**RECORDED DATA:**

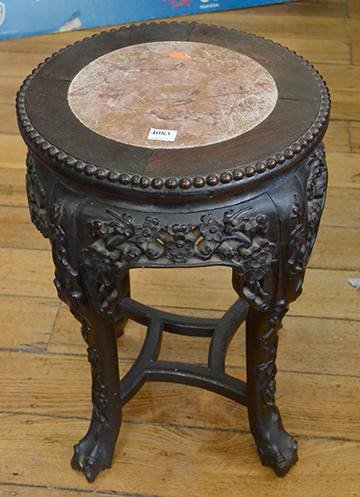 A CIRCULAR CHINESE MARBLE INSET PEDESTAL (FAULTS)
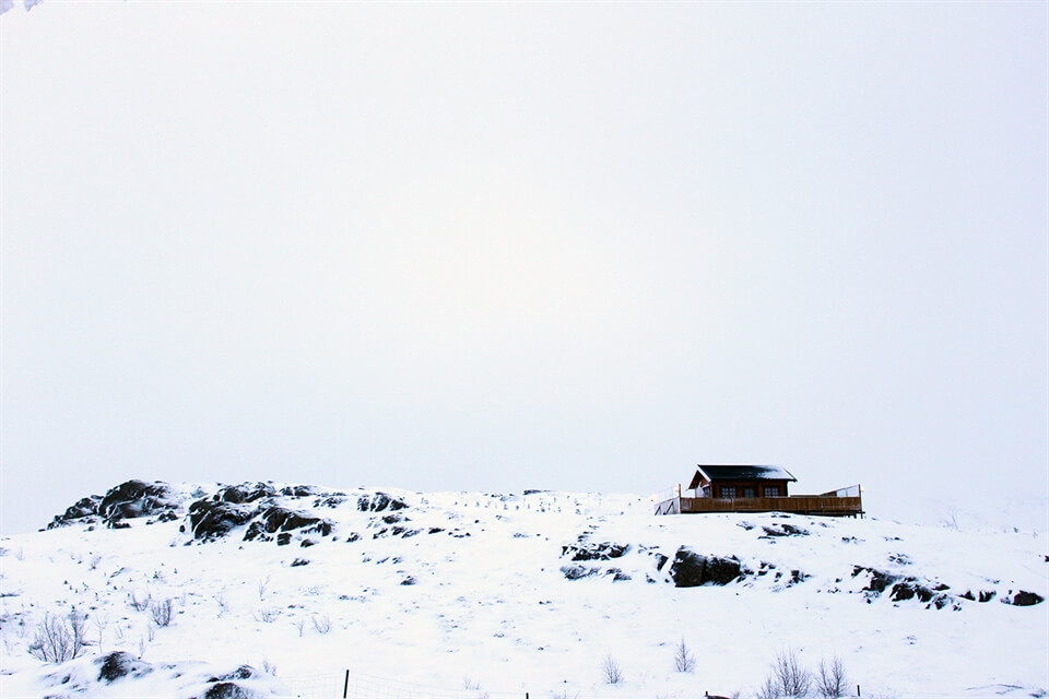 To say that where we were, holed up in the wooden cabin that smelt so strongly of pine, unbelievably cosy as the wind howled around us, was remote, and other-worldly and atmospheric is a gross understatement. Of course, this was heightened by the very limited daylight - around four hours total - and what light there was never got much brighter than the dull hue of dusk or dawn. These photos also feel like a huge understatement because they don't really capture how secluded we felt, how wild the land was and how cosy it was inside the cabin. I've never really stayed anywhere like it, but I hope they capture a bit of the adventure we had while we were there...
---
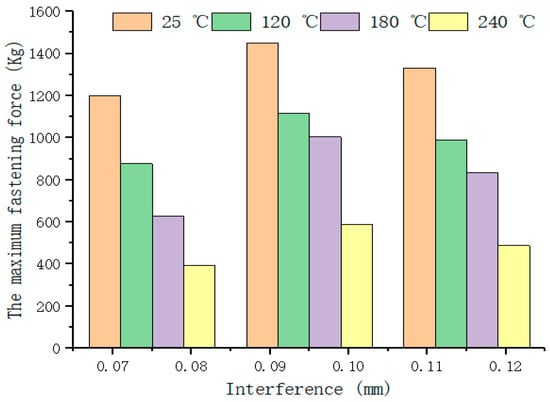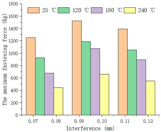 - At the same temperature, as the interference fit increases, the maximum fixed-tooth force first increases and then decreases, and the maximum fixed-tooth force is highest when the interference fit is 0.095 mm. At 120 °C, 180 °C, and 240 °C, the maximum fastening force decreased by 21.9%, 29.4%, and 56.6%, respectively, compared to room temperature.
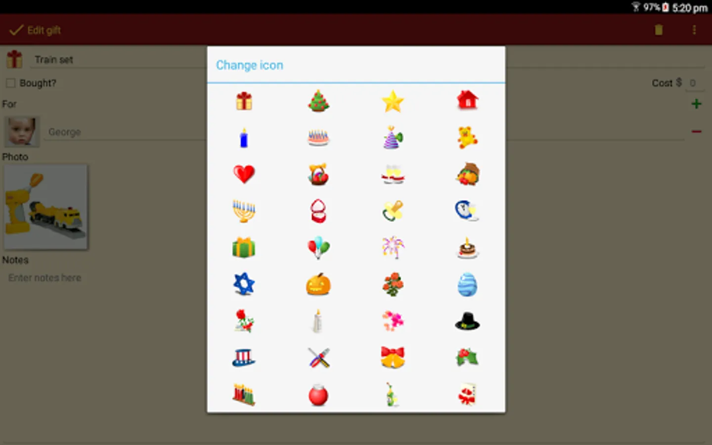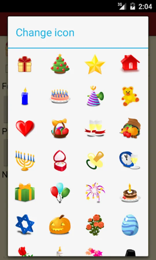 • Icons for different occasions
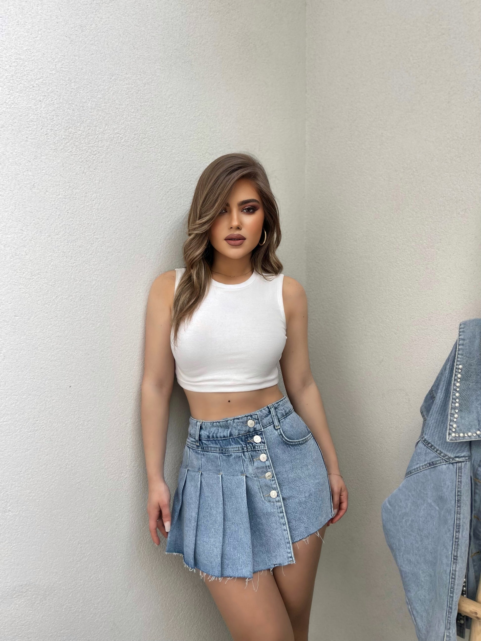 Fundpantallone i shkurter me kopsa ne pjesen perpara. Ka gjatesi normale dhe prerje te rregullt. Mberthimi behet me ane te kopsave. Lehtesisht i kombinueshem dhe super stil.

**TASK INSTRUCTIONS:** Take the entries above and copy exactly the lines starting at the one with "A CIRCULAR CHINESE" and ending at the one with "To say that"; nothing outside that span, and no pictures.

**TASK SOLUTION:**
 A CIRCULAR CHINESE MARBLE INSET PEDESTAL (FAULTS)
 To say that where we were, holed up in the wooden cabin that smelt so strongly of pine, unbelievably cosy as the wind howled around us, was remote, and other-worldly and atmospheric is a gross understatement. Of course, this was heightened by the very limited daylight - around four hours total - and what light there was never got much brighter than the dull hue of dusk or dawn. These photos also feel like a huge understatement because they don't really capture how secluded we felt, how wild the land was and how cosy it was inside the cabin. I've never really stayed anywhere like it, but I hope they capture a bit of the adventure we had while we were there...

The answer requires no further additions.